What you need to do: Restate the listing below exactly, images excluded.

Material provided:

....................

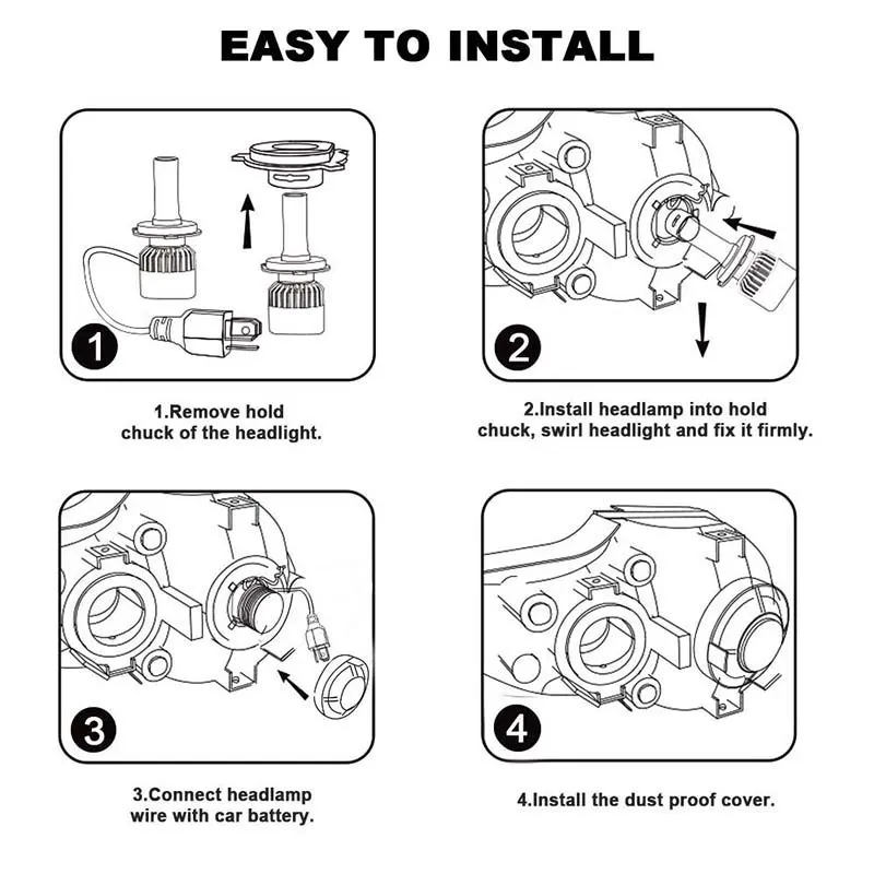 1. Ярче, чем галогенные/Ксеноновые фары, более мощные, чем галогенные. 2. Полностью алюминиевый корпус и быстрое охлаждение, обеспечивая безопасный температурный диапазон и длительный срок службы до 30000 часов 3. Водонепроницаемость: IP68, может использоваться в любых условиях воды 4. Быстрый запуск: быстрое включение/выключение времени отклика 5. Простая установка: Все в одной модели, такие же, как и оригинальная автомобильная лампа, подключи и работай Преимущества по сравнению с HID и галогенными лампами: 6. Высокоскоростной бесшумный вентилятор (12000р/мин), высокий поток воздуха для более быстрого охлаждения Светодиодный VS HID Быстрый вкл/выкл, нет "разогрева" Светодиодный галогенный 70% Энергосбережение и в 3 раза дольше срок службы
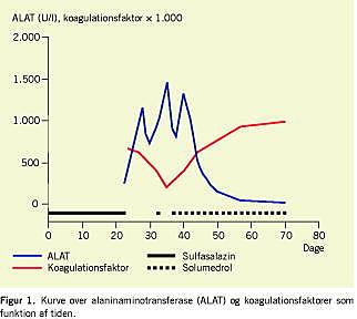Dag 53 efter påbegyndelse af sulfasalazinbehandlingen blev patienten udskrevet med reduceret steroiddosis og var derefter velbefindende på methotrexatbehandling med normaliseret paraklinik og normale forhold fundet ved objektiv undersøgelse.
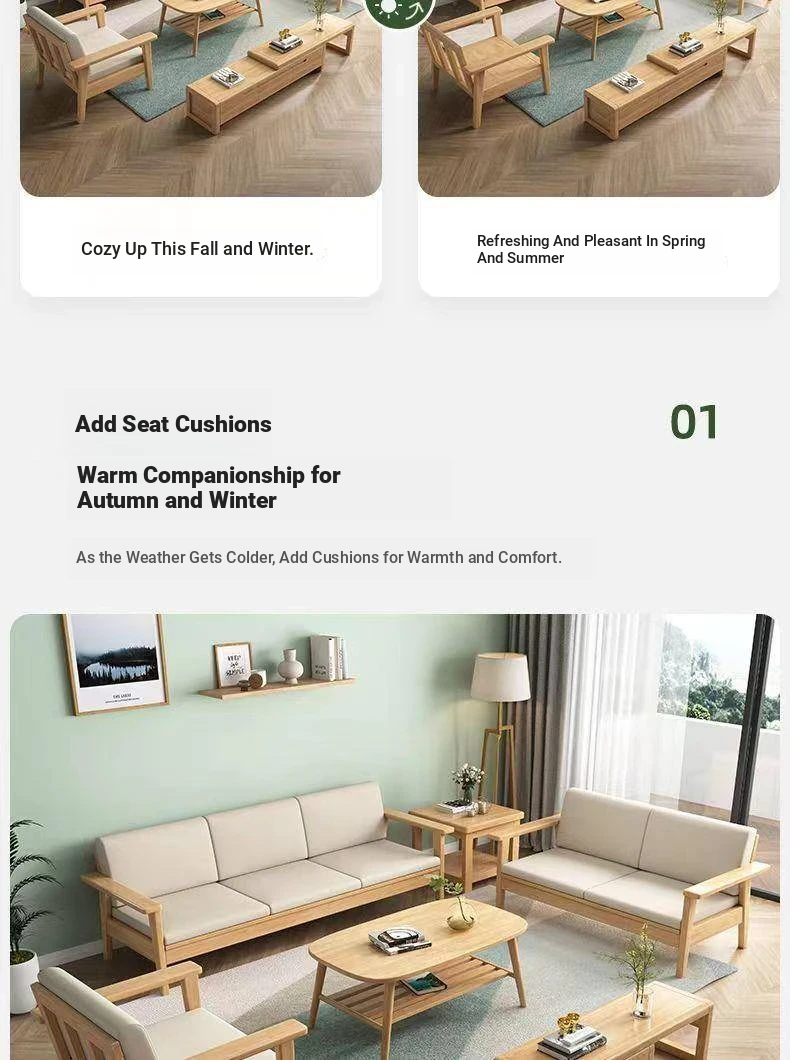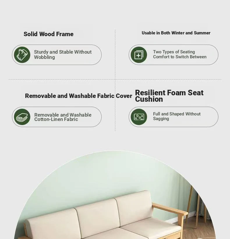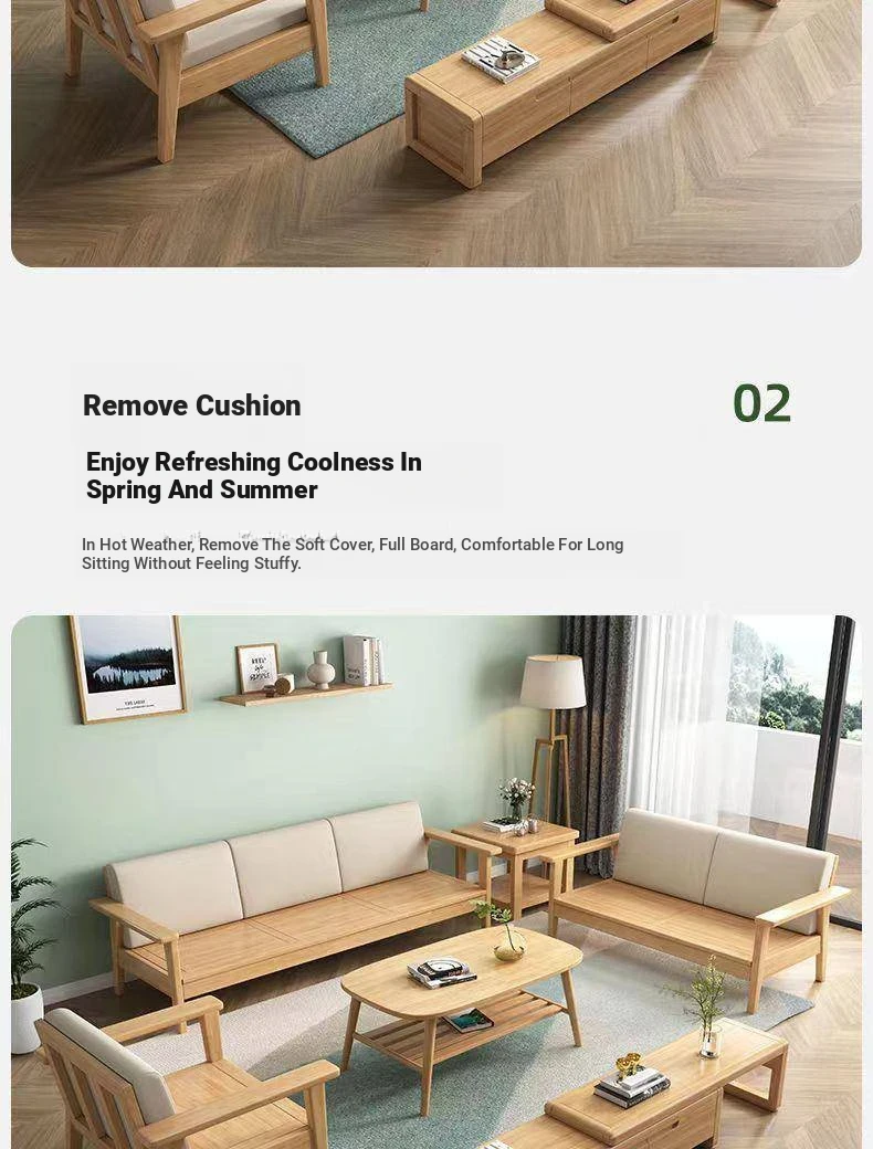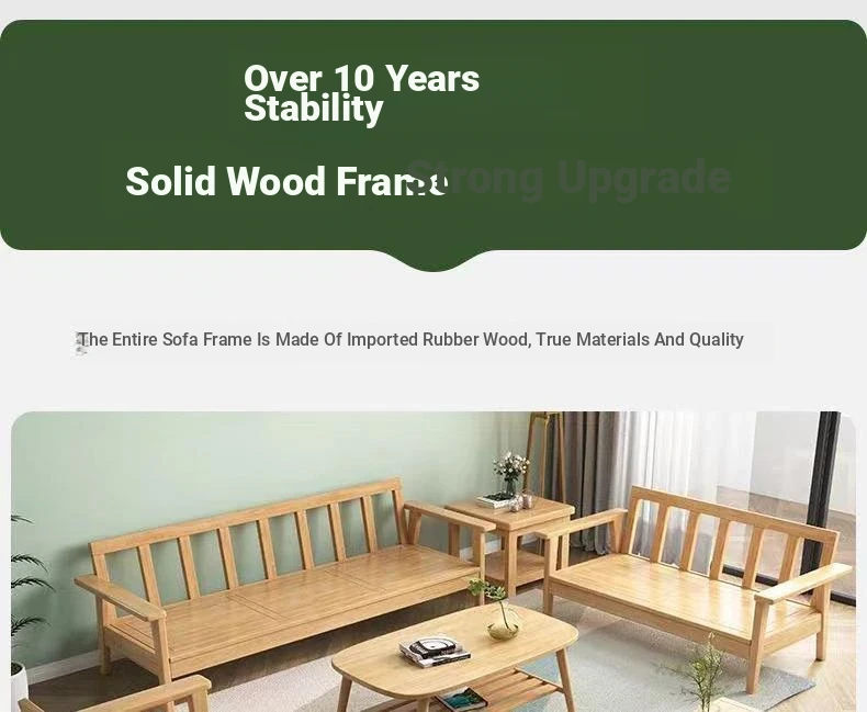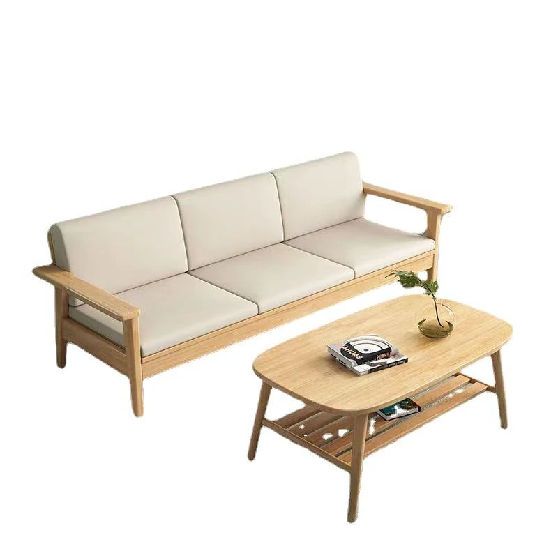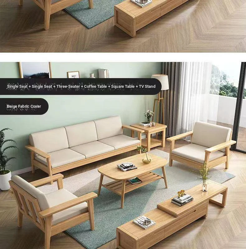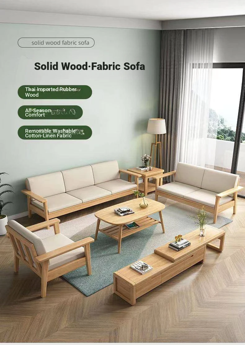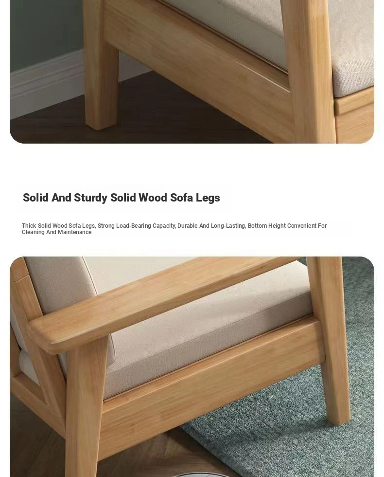 Nordic Style Solid Wood Sofa Set – Versatile Winter & Summer Use for Small Living Rooms – Affordable Rustic Design for Compact Spaces

....................

Problem solution:
 1. Ярче, чем галогенные/Ксеноновые фары, более мощные, чем галогенные. 2. Полностью алюминиевый корпус и быстрое охлаждение, обеспечивая безопасный температурный диапазон и длительный срок службы до 30000 часов 3. Водонепроницаемость: IP68, может использоваться в любых условиях воды 4. Быстрый запуск: быстрое включение/выключение времени отклика 5. Простая установка: Все в одной модели, такие же, как и оригинальная автомобильная лампа, подключи и работай Преимущества по сравнению с HID и галогенными лампами: 6. Высокоскоростной бесшумный вентилятор (12000р/мин), высокий поток воздуха для более быстрого охлаждения Светодиодный VS HID Быстрый вкл/выкл, нет "разогрева" Светодиодный галогенный 70% Энергосбережение и в 3 раза дольше срок службы
Dag 53 efter påbegyndelse af sulfasalazinbehandlingen blev patienten udskrevet med reduceret steroiddosis og var derefter velbefindende på methotrexatbehandling med normaliseret paraklinik og normale forhold fundet ved objektiv undersøgelse.
 Nordic Style Solid Wood Sofa Set – Versatile Winter & Summer Use for Small Living Rooms – Affordable Rustic Design for Compact Spaces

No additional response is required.